Dalbergia monticola  is a species of flowering plant in the legume family Fabaceae. It is endemic to Madagascar. It occurs at higher elevation, which gave the species its name.

Description

Vegetative characters 
Dalbergia monticola is a deciduous tree up to 30 m tall. The leaves are imparipinnate, 3.5–12 cm long, and have a hairy rachis. The 20–35 alternate leaflets are 0.3–1.7 cm long, mostly glabrous and glossy above, and densely pubescent beneath. The leaflets often become very coriaceous, with strongly revolute margins, when dried on herbarium sheets.

Generative characters 
It forms terminal inflorescences (sometimes also in the upper leaf axils) that are paniculate and around the same length as the subtending leaves. The flowers are white, 5–6 mm long, and have a violin-shaped standard petal and pubescent gynoecium.
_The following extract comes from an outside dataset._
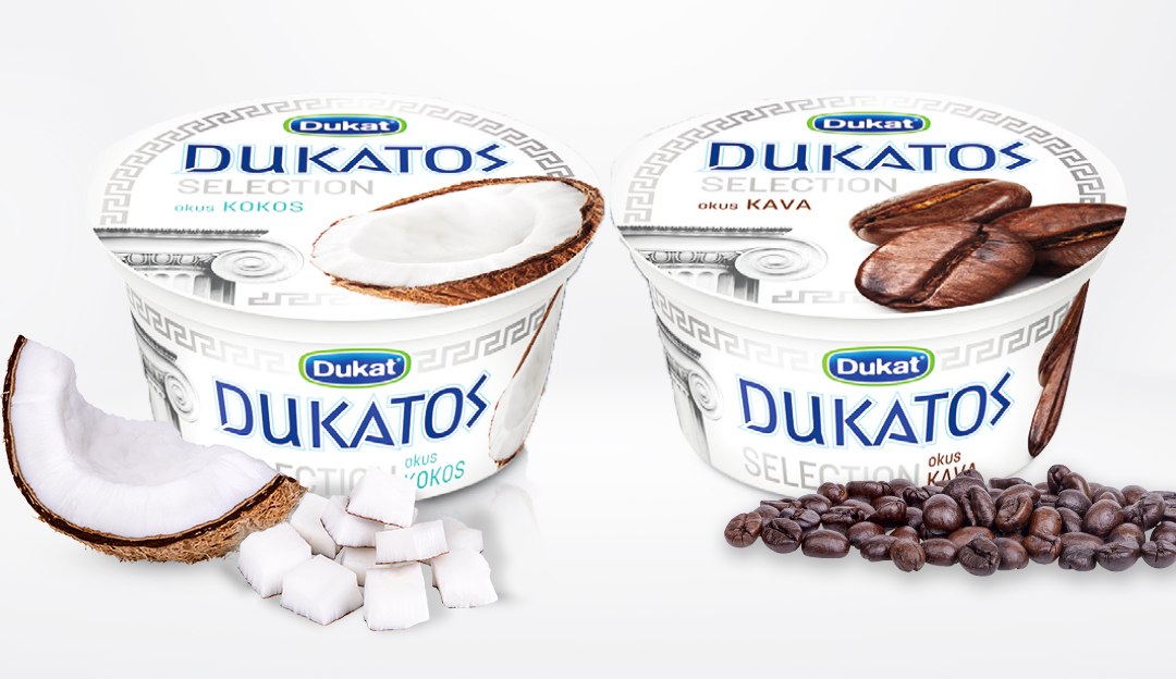 Dukatos Selection s okusom kave idealan je za sve one koji ne mogu zamisliti dan bez svog omiljenog napitka, dok će u svom grčkom tipu jogurta s okusom kokosa uživati svi koje raduju nadolazeći ljetni dani i visoke temperature.

The fruits contain one to three seeds. The pericarp is net-veined over the entire surface, the network raised but not thickened or fissured over the seeds.

Similar species 
 Dalbergia baronii
 Dalbergia pseudobaronii

Habitat and distribution 
Dalbergia monticola inhabits evergreen humid mid-altitude forests along the eastern escarpment of Madagascar, extending onto the Central High Plateau as well as onto the Northern Highlands. It occurs at an altitude of around 250–1600 m.

Uses 
It produces a durable heartwood that is locally used for cabinet making. It was internationally traded, notably to produce guitar bodies and fingerboards, amongst others.

Conservation status 
The IUCN Red List lists Dalbergia monticola as vulnerable. It was considered to be "one of the major components of the oriental forest of Madagascar", but mature individuals are believed to have become rare due to extensive selective logging.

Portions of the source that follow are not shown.